Неожиданно с левого берега донесся протяжный человеческий крик: «Э!.. Ва-ва-ва-ва-ю!..» — и затем трудноразличимые, смазанные расстоянием и пространством слова.
— Этому человеку нужна помощь, — неуверенно объяснил Пулат.
— Да, ишак у него попал в трясину, надо помочь, — сказал Серафим Александрович.
Лодка повернула к берегу.
По берегам Сырдарьи встречаются участки с вязкой солончаковой трясиной — батмаком.
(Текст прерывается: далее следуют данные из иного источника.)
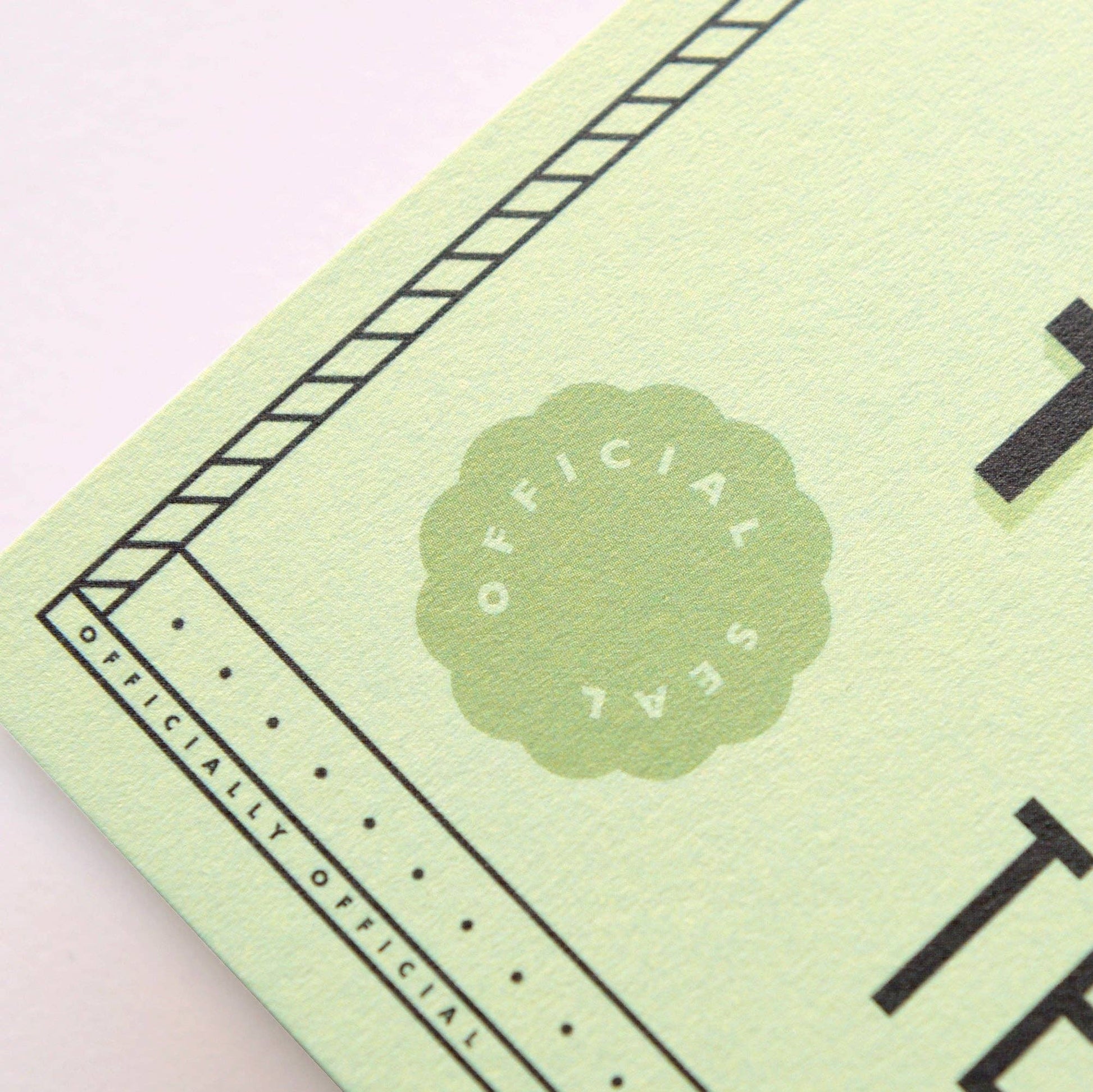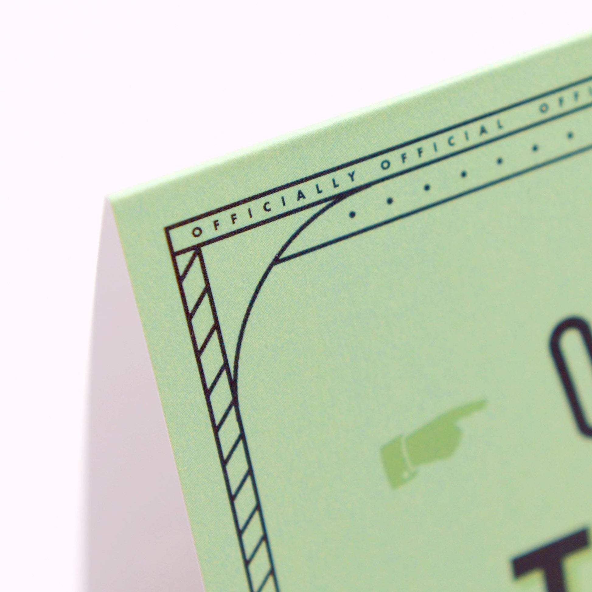 Printed in gorgeous greens, complete with 'official stamp' and 'official seal'. Supplied with a recycled kraft envelope.

Это коварная ловушка для животных. Плотная поверхность как будто держит, не проваливается. Еще немного — вот и вода. Жадными губами животное припадает к воде и долго пьет. Можно бы и возвращаться, да не тут-то было! Ноги мертвой хваткой держит страшная сила. Медленно и неумолимо трясина засасывает свою жертву все глубже.
Пока лодка приближалась к берегу, охотник-казах торопливо рассказывал:
— Моя кунас-фазан гонял, ишак-шайтан река ходил. Теперь пропал, наверно, вай-вай!..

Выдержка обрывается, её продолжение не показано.